Si vous avez déjà écouté la populaire série Mad Men, vous vous souviendrez que tout le monde y fumait. Tout le monde. Partout. Cette superbe série nous permet de voyager dans le temps et de voir à quoi ressemblait l’industrie publicitaire aux États-Unis au début des années 60, où le tabac faisait partie intégrante de la vie quotidienne.

Aujourd’hui, fumer n’est plus la norme. Si vous êtes comme moi, vous vous êtes sûrement dit : « Pourquoi se tuent-ils ainsi à petit feu ? »

C’est au milieu des années 60 que le lien entre la cigarette et le cancer a été confirmé. Graduellement, les mentalités ont changé. Nous avons peu à peu réussi à modifier les perceptions, les lois et nos attitudes à l’égard du tabagisme. Les taxes sur le tabac sont apparues, les publicités ont été interdites, le tabagisme a été banni des milieux de travail et des lieux publics, puis les emballages ont été normalisés et couverts de mises en garde explicites, et les produits ont été dissimulés, dans les magasins. Nos gouvernements ont agi et provoqué des changements dans les habitudes de consommation des fumeurs.

Bien qu’il reste encore du travail à faire, des résultats remarquables ont été obtenus. Le pourcentage de fumeurs a chuté et, parallèlement, les coûts reliés au traitement des problèmes de santé causés par le tabac ont été réduits de moitié. Collectivement, nous avons dénormalisé le tabagisme, diminué son impact sur notre système de santé, et sauvé des vies.

Aujourd’hui, les maladies liées au régime alimentaire surpassent pratiquement celles liées au tabac comme première cause de mortalité au pays.

Nous faisons maintenant face à une nouvelle préoccupation : nos habitudes alimentaires, particulièrement celles de nos enfants. L’obésité infantile a d’ailleurs triplé depuis les années 80.

Les enfants pris pour cible

Plusieurs raisons expliquent ce problème.
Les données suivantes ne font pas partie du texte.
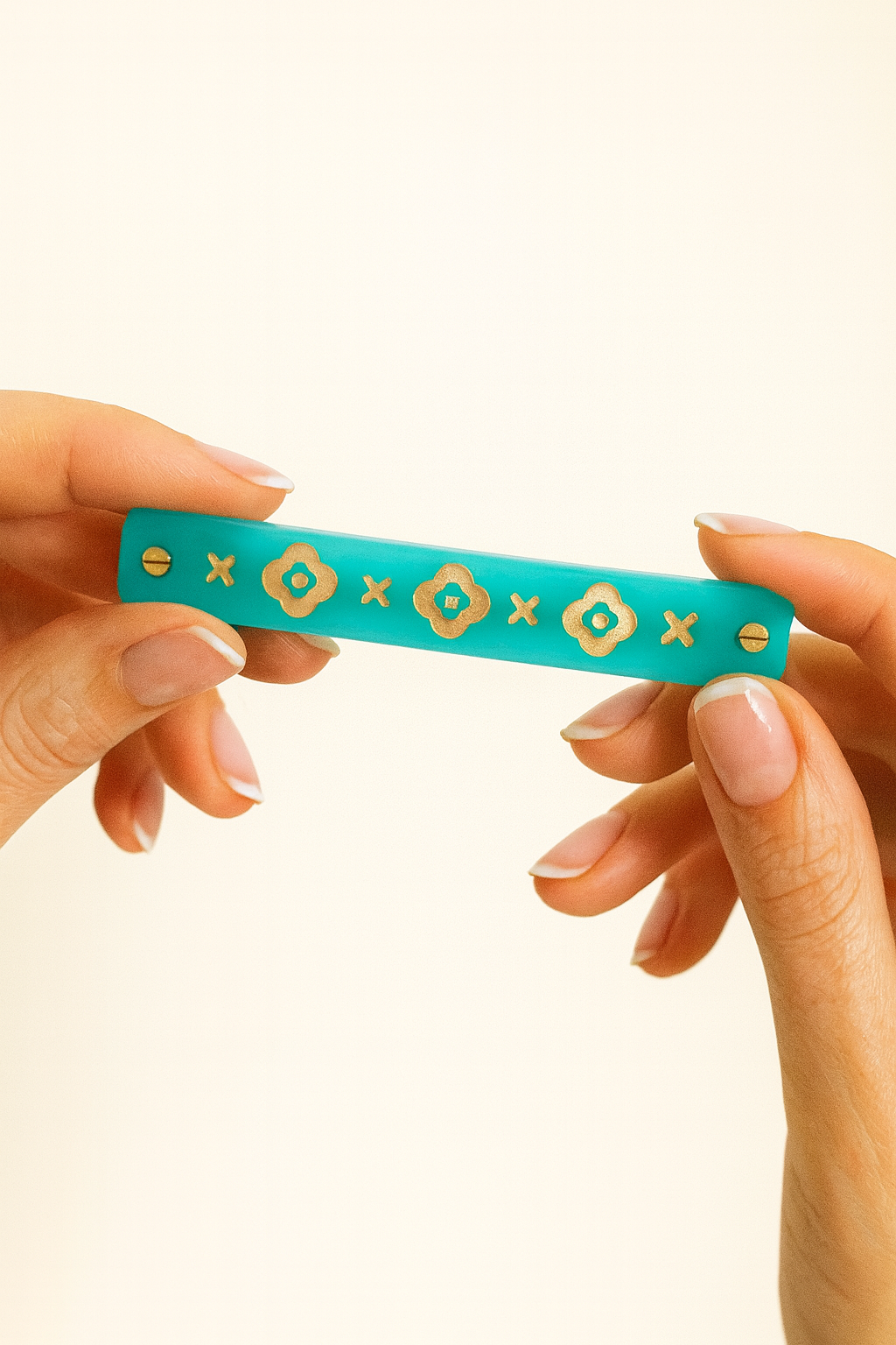 La barrette Victoria turquoise des îles et ses gravures florales émaillées d'or s’impose comme le modèle Signature de la maison muchacha.

La consommation de boissons sucrées et d’aliments transformés à forte teneur en sucre, en gras saturés et en sel est devenue la norme pour nos enfants, tout comme l’était le tabagisme il y a plusieurs décennies, quand il était encouragé par de nombreuses publicités faisant la promotion de produits accessibles et abordables.

Nous en voyons les effets tous les jours dans les hôpitaux pour enfants. Il y a quelques années, lors de sa fête de départ à la retraite, une infirmière de notre clinique du diabète a mentionné qu’au milieu des années 70, tous les patients enfants avaient un diabète de type 1 (de cause génétique). Maintenant, ce n’est plus le cas. Un nombre croissant d’enfants ont plutôt un diabète de type 2 causé par leur alimentation, et auront possiblement des problèmes de santé. Pour la première fois, la nouvelle génération risque de ne pas vivre aussi longtemps que les parents.

Nombreux sont ceux qui sont conscients du lien entre l’obésité et les maladies chroniques, telles que le diabète et les maladies cardiovasculaires. En mai, la Société canadienne du cancer a annoncé que le surpoids pourrait devenir la deuxième cause évitable de cancer, tout juste derrière les effets continus du tabagisme.

Que pouvons-nous faire pour régler ce grave problème ?

Plus de 90 % des aliments et boissons que les enfants voient à la télévision et en ligne ont une forte teneur en sucre, en sel et en gras saturés.

Nous devons arrêter ce bombardement de messages faisant la promotion en ligne ou ailleurs de ces produits auprès des enfants.

C’est pourquoi le gouvernement fédéral a pris la sage décision de restreindre les publicités d’aliments et de boissons ciblant les enfants, une solution mise en place au Québec il y a presque 40 ans.

Ce projet de loi S-228 a été proposé au Sénat il y a presque trois ans grâce à la sénatrice conservatrice Nancy Greene Raine, en réponse au rapport L’obésité au Canada. En septembre dernier, le projet de loi a été adopté par les députés élus, puis retourné au Sénat pour ce qui n’aurait dû être qu’une approbation de routine avant sa mise en application.

Le temps presse ! S’il n’est pas approuvé dans les prochains jours, cet indispensable projet de loi va mourir au feuilleton lorsque le Parlement ajournera la session pour l’été et les élections de cet automne. C’est inacceptable.

En 2013, j’ai présidé un comité d’experts en obésité infantile de l’Ontario qui a recommandé ce changement. De nombreux rapports ont réitéré cette recommandation au fil des ans.

Nos enfants ont attendu assez longtemps. Il faut agir au bénéfice des générations futures.